Available data:
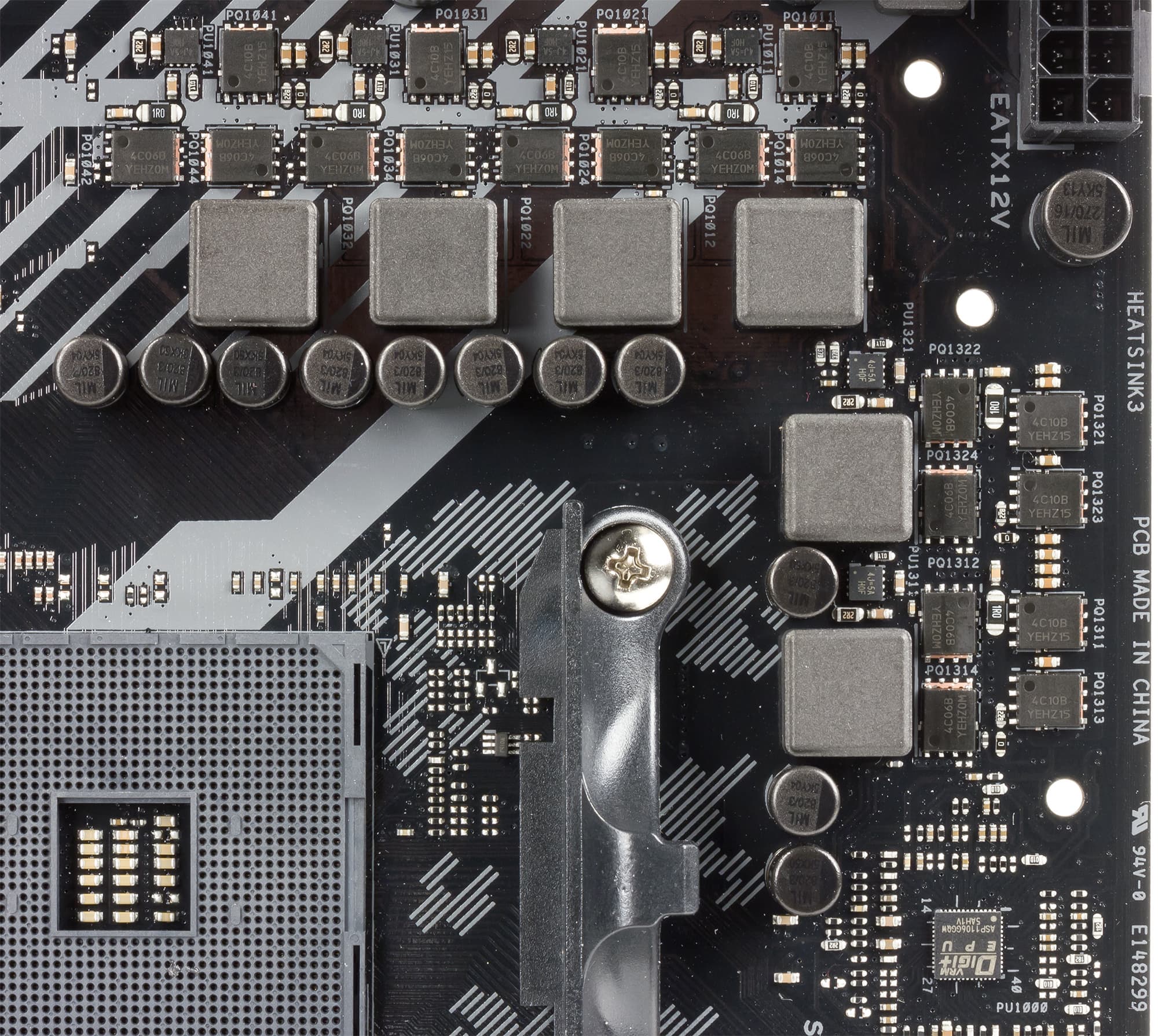 Как и вообще большинство плат уровнем хоть немного выше среднего, эта снабжена 24-контактным и 8-контактным разъемами для подключения блока питания. Причем и сама организация системы питания похожа на топовые платы Asus для платформ АМ4 или LGA1151 используемым контроллером, но вот всего шесть фаз набраны не интегрированными сборками, а на обычных полевиках.
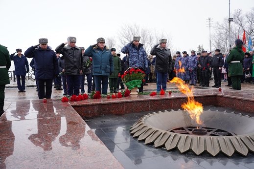 Как сообщили корреспонденту Информационного агентства МАНГАЗЕЯ, сотрудники и военнослужащие территориального управления Росгвардии приняли участие в митинг-реквиеме, посвященному 81-й годовщине самому жестокому и кровопролитному сражению - Сталинградской битве.
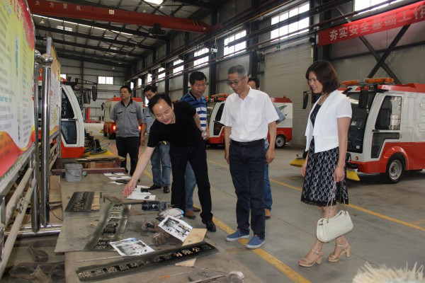 王總與皮主席在車間參觀了近期研發的新型清掃車,并對相關性能及生產情況進行了詳細的詢問。在隨后的座談會上,王超宏總經理詳細匯報了公司上半年目標任務完成情況、生產經營情況、重點工作的完成情況以及新項目的落實情況。對公司下半年及明年的工作思路作了詳細匯報。
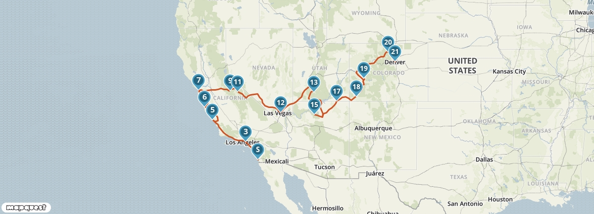 Volg het spoor van de pioniers en reis van San Diego naar Denver. Het eerste stuk van de reis voert je langs de kust van de Grote Oceaan, met tussenstops in Los Angeles, San Simeon en San Francisco. Via Yosemite National Park rijd je landinwaarts en passeer je woestijngebieden, indianenreservaten en diverse National Parks waaronder Zion, Bryce Canyon en Grand Canyon. Tenslotte steek je de Rocky Mountains over.

Assignment:
Make an exact copy of the lines from the top of the material through the line with "王總與皮主席在車間參觀了近期", pictures excluded.

Solution:
 Как и вообще большинство плат уровнем хоть немного выше среднего, эта снабжена 24-контактным и 8-контактным разъемами для подключения блока питания. Причем и сама организация системы питания похожа на топовые платы Asus для платформ АМ4 или LGA1151 используемым контроллером, но вот всего шесть фаз набраны не интегрированными сборками, а на обычных полевиках.
 Как сообщили корреспонденту Информационного агентства МАНГАЗЕЯ, сотрудники и военнослужащие территориального управления Росгвардии приняли участие в митинг-реквиеме, посвященному 81-й годовщине самому жестокому и кровопролитному сражению - Сталинградской битве.
 王總與皮主席在車間參觀了近期研發的新型清掃車,并對相關性能及生產情況進行了詳細的詢問。在隨后的座談會上,王超宏總經理詳細匯報了公司上半年目標任務完成情況、生產經營情況、重點工作的完成情況以及新項目的落實情況。對公司下半年及明年的工作思路作了詳細匯報。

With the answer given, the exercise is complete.